Ron DeSantis: A Case for Self-Awareness
There is no getting rid of Trumpism without looking in the mirror
Ronald Dion DeSantis is out, and the postmortems are in. The reasons for his failure run the gamut: He failed to connect with voters, attacked Trump too little or too much, had a terminally online and ineffectively managed campaign, made a series of unforced errors, or perhaps never had a chance. Whatever the reason, a common theme throughout these lamentations is dismay.
The Republican Party seems destined to lose in the general election with Donald Trump as its candidate, and the ‘moderate’ wing of the party is looking for a culprit. Some blame Democrats and the media pushing indictments, others blame Trump, and some even blame the electorate. What’s lacking is serious introspection into how they got here and the role they played in it.
DeSantis supporters are not all that different from Trump supporters despite clinging to that distinction to appear respectable, reasonable, and moderate. The policy daylight between Trump and DeSantis is nearly nonexistent, and DeSantis embodies many of the same shortcomings as Trump. Trumpism will continue to run rampant within the Republican Party’s ranks until they come to terms with these facts.
No cohort better represents the anti-Trump, pro-Desantis wing of the Republican Party better than the editors at the National Review. In 2016, they wrote an article titled “Against Trump.” In it, they offer a litany of reasons not to vote for Trump. Chief among them were substantive policy differences on immigration, foreign policy, and the economy. They also mention his wobbly record on multiple issues, inexperience, and uninterested attitude toward limited government, reforming entitlements, and the Constitution. They also state: “his obsession is with ‘winning,’ regardless of the means — a spirit that is anathema to the ordered liberty that conservatives hold dear and that depends for its preservation on limits on government power.” We will return to this last point later, but there were substantive policy differences between Trump and his ‘moderate’ detractors in 2016.
The editors recently published a similar article arguing the same conclusion but for different reasons. They argue Trump’s actions surrounding and leading up to January 6th are “infamous presidential acts and represented serious offenses against our constitutional order” and “[o]n this basis alone, both [Haley and DeSantis] are vastly preferable to Trump.” Outside of his “bad instincts on trade and NATO,” Trump would waste much of his time on personal vendettas, has a “tendency to personalize everything,” is contemptuous of rules, and his “erratic nature would risk real harm to the country.” All of this is true, but what’s missing is any substantive policy differences.

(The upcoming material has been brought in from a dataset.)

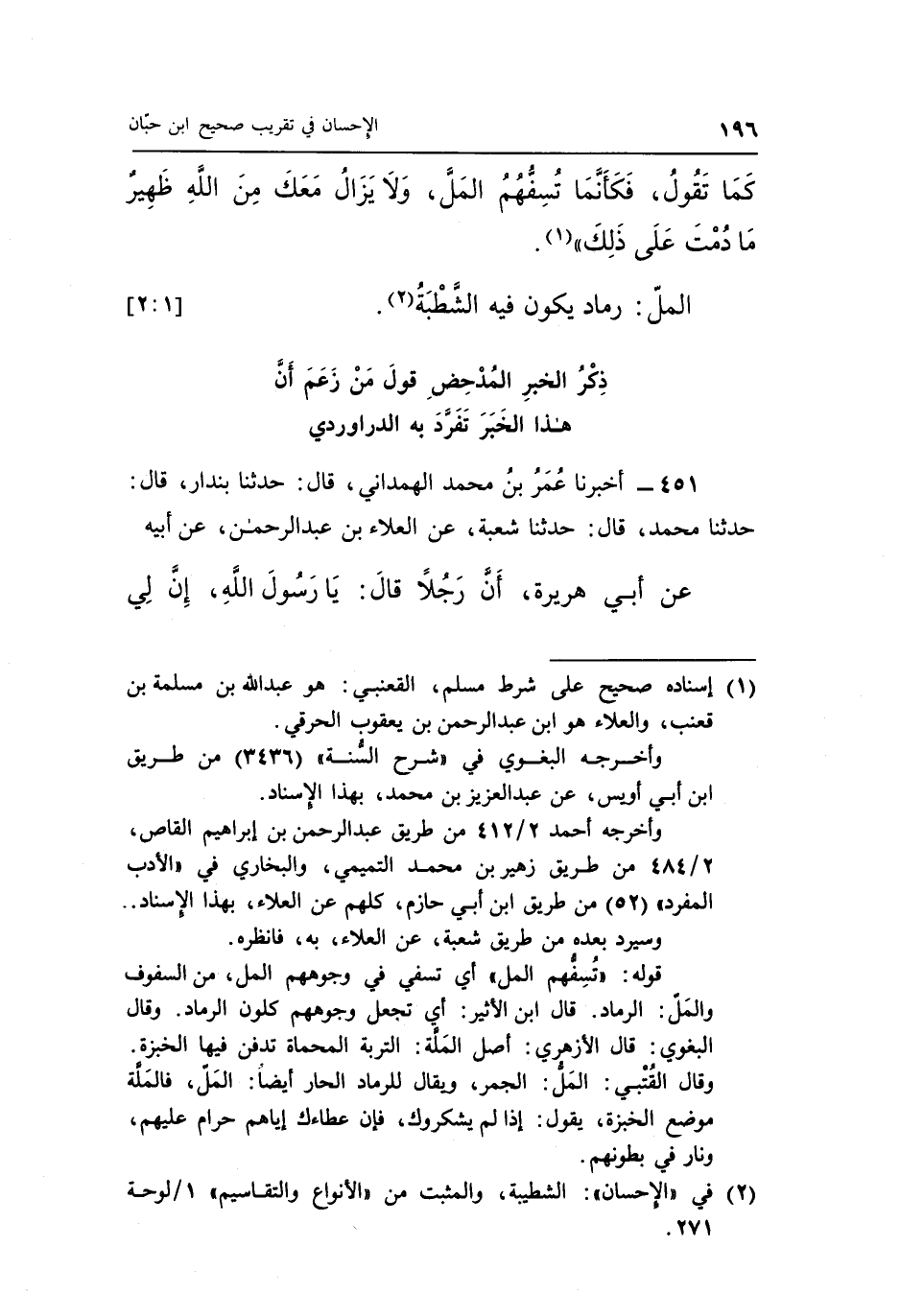 451 - أَخْبَرَنَا عُمَرُ بْنُ مُحَمَّدٍ الْهَمْدَانِيُّ قَالَ حَدَّثَنَا بُنْدَارٌ قَالَ حَدَّثَنَا مُحَمَّدٌ قَالَ حَدَّثَنَا شُعْبَةُ عَنِ الْعَلَاءِ بْنِ عَبْدِ الرَّحْمَنِ عَنْ أَبِيهِ
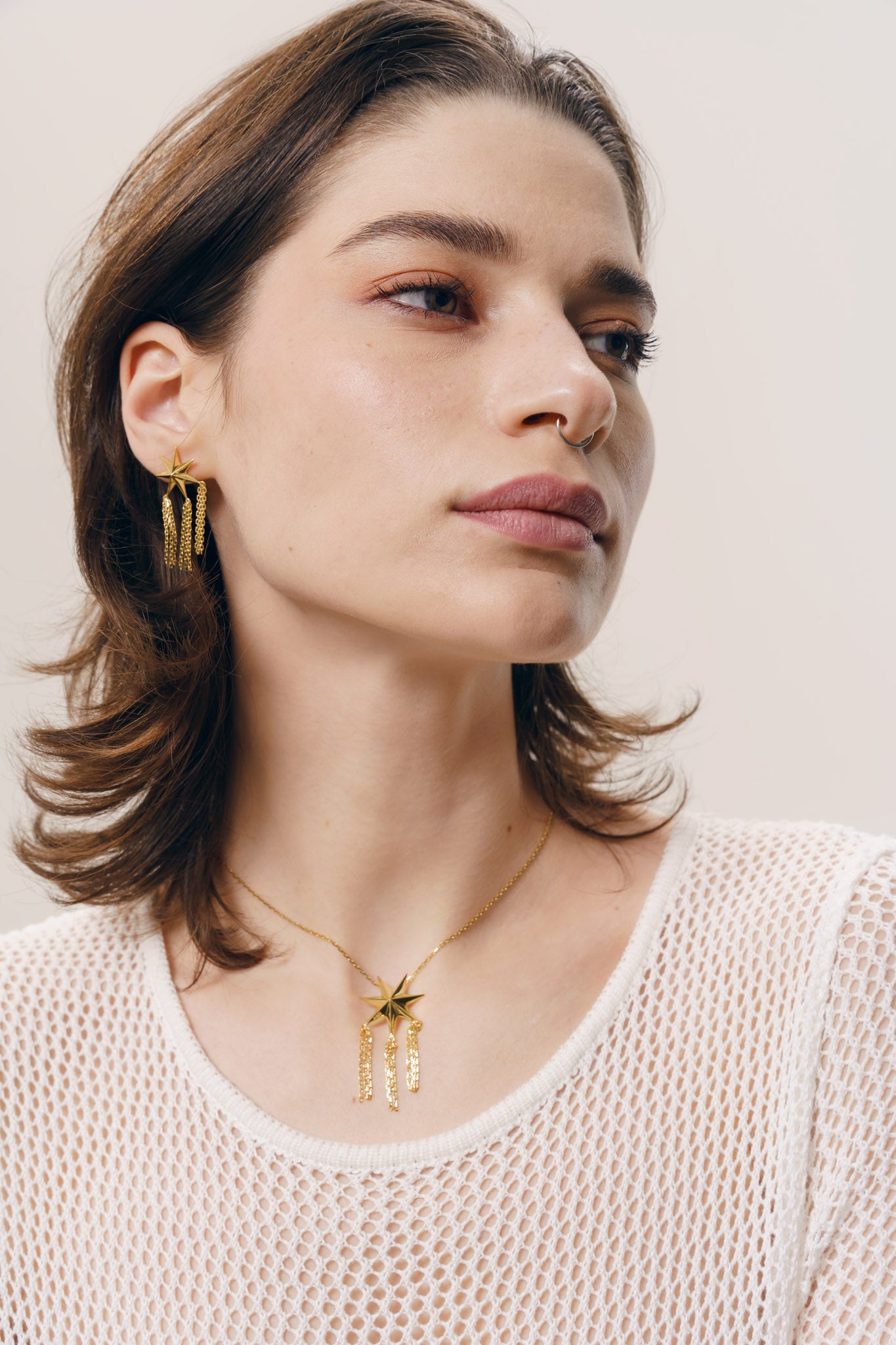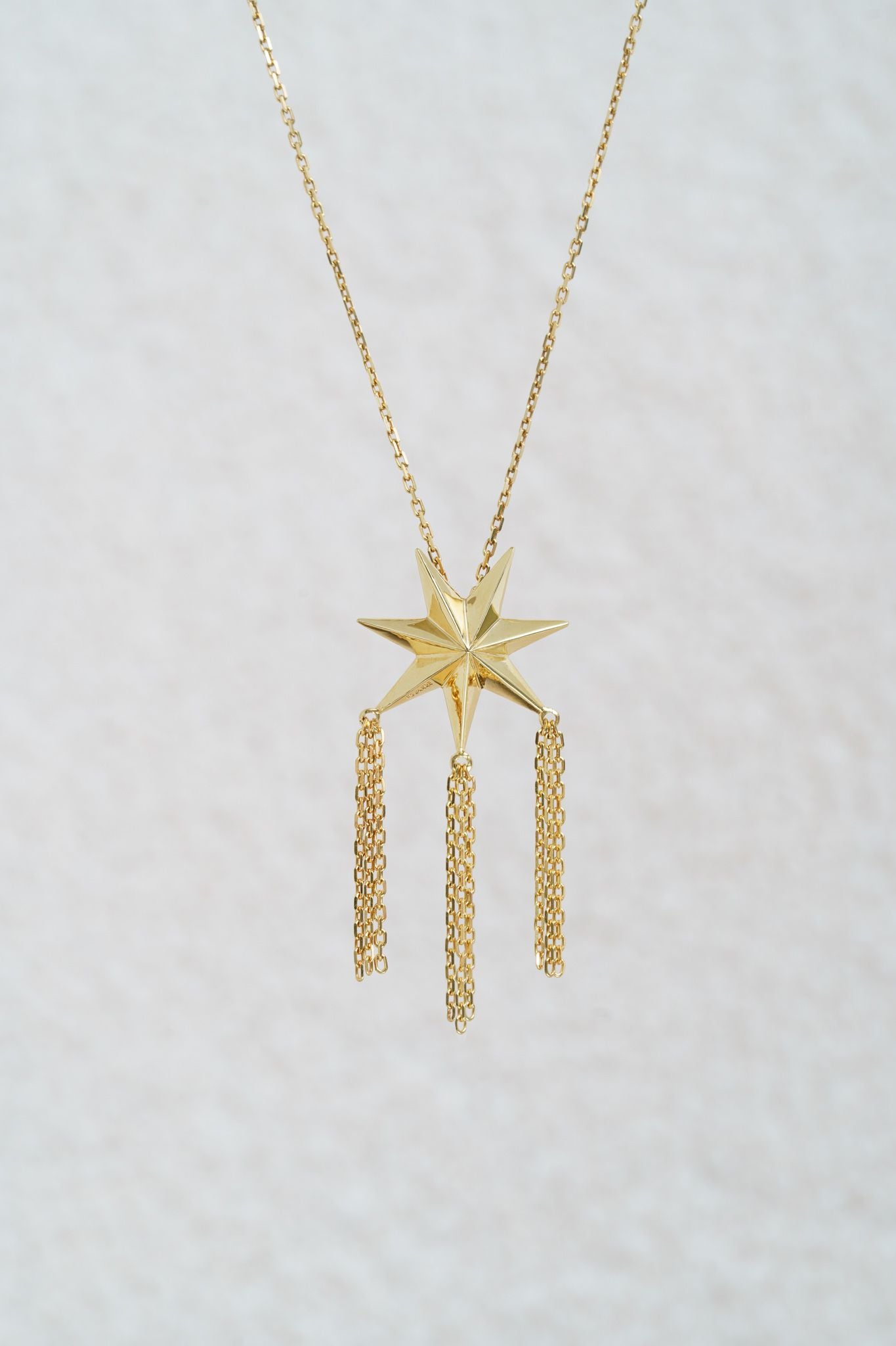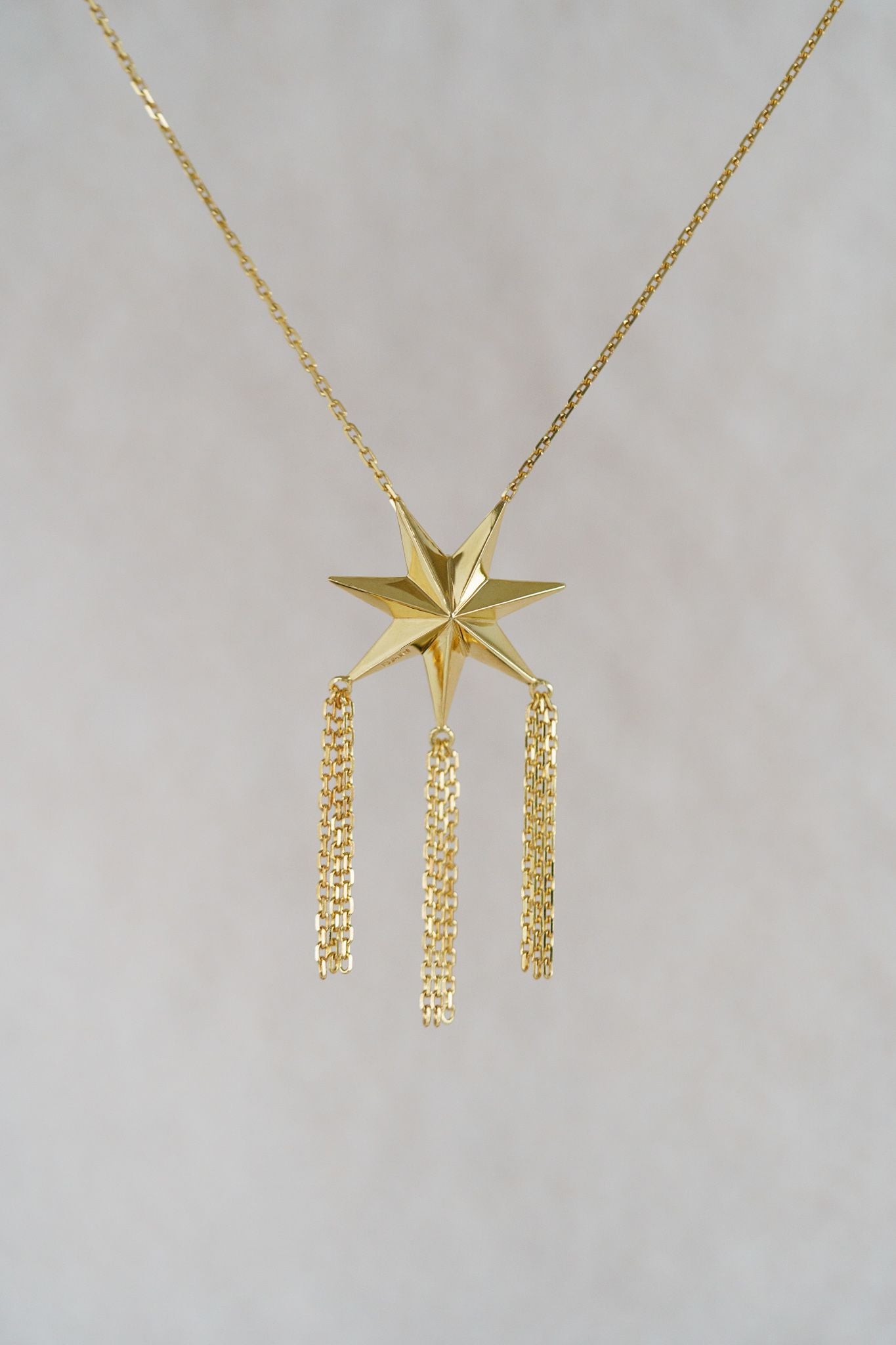 Кольє «Провідна зоря» з ланцюжками — це вишукане поєднання класики та сучасності. Ланцюжки додають динаміки та роблять образ більш цікавим.

In 2016, they dedicated multiple paragraphs to describing, in detail, the policy differences they see between themselves and Trump. In 2024, all they could muster was a single line about instincts related to policy because Ron DeSantis and Donald Trump do not have policy differences. Indeed, DeSantis’s primary campaign pitch, endorsed repeatedly by National Review contributors, has been, “I can do what Trump couldn’t.” Ron DeSantis would usher in a golden era of Trump policies because he’s an effective leader who can pull the correct levers of power and maneuver the party into a fighting position on the policies that matter. In other words, DeSantis would be Trump but better.
Multiple contributors at the National Review share this assessment, and Noah Rothman summed it best: “The Florida governor has devoted most of his energies to peeling away Donald Trump’s core supporters by taking ownership of the former president’s issue set and presenting himself as a more competent and capable steward of those priorities.”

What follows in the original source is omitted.